Level 2 (mid-level) evidence
Prescription opioid and heroin dependence is a major public health problem, with an estimated 15.6 million problem-opioid users worldwide (WHO 2009). Illicit opioid use is associated with a number of comorbidities and complications that may require the user to seek care in the emergency department (ED), making the ED an important link between dependent users and potential treatment options. Referral to addiction treatment programs is the most common option available to physicians encountering patients with opioid dependence in the ED. Brief interventions in primary care or ED settings have shown promise at reducing alcohol misuse (Ann Emerg Med. 2012;60:181-192; Cochrane Database Syst Rev. 2007;:CD004148), but it is unknown if similar interventions would be helpful for initiating treatment in patients with opioid dependence. A recent randomized trial compared 3 interventions in 329 patients (mean, age 31 years; 76% male) presenting to the ED with opioid dependence: treatment referral, brief intervention plus facilitated referral, and brief intervention plus ED-initiated buprenorphine/naloxone treatment plus referral (JAMA. 2015;313:1636-1644).

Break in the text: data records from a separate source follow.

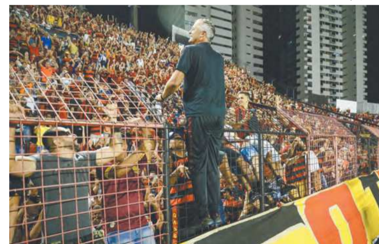
Técnico e torcida já aumentaram a conexão entre si

Esse era o grande objetivo do treinador e que parece ter sido conquistado. Porém tudo isso pode estar comprometido. Isso porque, o Sport está mui-
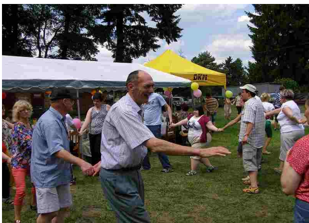
Na pikniku nie zabrakło wspólnej zabawy

16 lipca br. mieszkańcy naszego domu zostali zaproszeni na spotkanie zorganizowane przez Środowiskowy Dom Samopomocy w Drzewocinach. Organizatorzy zapewnili zaproszonym gościom wiele atrakcji. Jedną z nich był występ aktorów z Krakowa ze spektaklem „Szaleństwa panny Róży”, w którym brała również udział zgromadzona publiczność. Można także było przejechać się bryczką, zwiedzić Salę Tradycji Ziemi Dłutowskiej oraz obejrzeć wystawę pn. „90 lat Lasów Państwowych” przygotowaną przez nadleśnictwo w Kolumnie. Mimo panującego upału wszystkim uczestnikom dopisał wyśmienity humor. Letni piknik na pewno pozostanie miłym wspomnieniem.
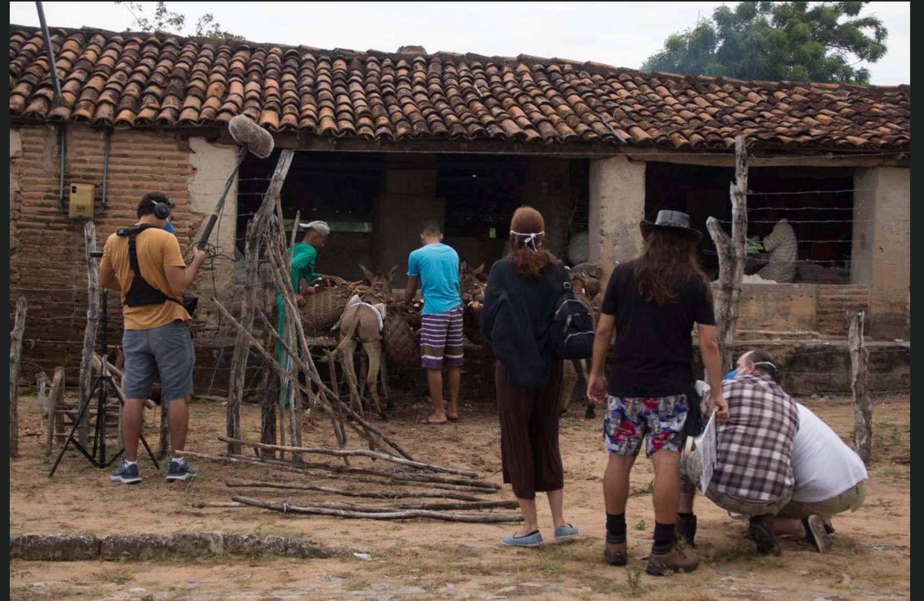
FILME ROSA NEGRA Foto do Set de filmagem.

A 20-item health questionnaire was used to initially screen for opioid dependence in the previous 30 days, followed by the Mini-International Neuropsychiatric Interview and a urine sample of patients whose responses indicated non-medical opioid use in the past 30 days. Patients enrolled in formal addiction treatment programs were excluded, along with patients requiring hospitalization or requiring opioid medication for a pain condition. Patients randomly assigned to treatment referral received a handout about local addiction treatment services, whereas patients randomly assigned to the brief intervention plus facilitated referral had a 10- to 15-minute interview followed by a treatment referral, including a review of patient eligibility, insurance clearance, and transportation arrangement. Finally, all patients randomly assigned to the brief intervention plus ED-initiated buprenorphine/naloxone treatment received an interview followed by their first buprenorphine treatment in the ED if symptoms warranted, plus sufficient medication for home treatment until their follow-up appointment within 72 hours. This treatment group also received 10 weeks of buprenorphine treatment followed by a transfer for antagonist therapy maintenance or 2-week detoxification. The primary outcome was engagement in treatment, defined as patients enrolled in and receiving formal addiction treatment on day 30 after randomization.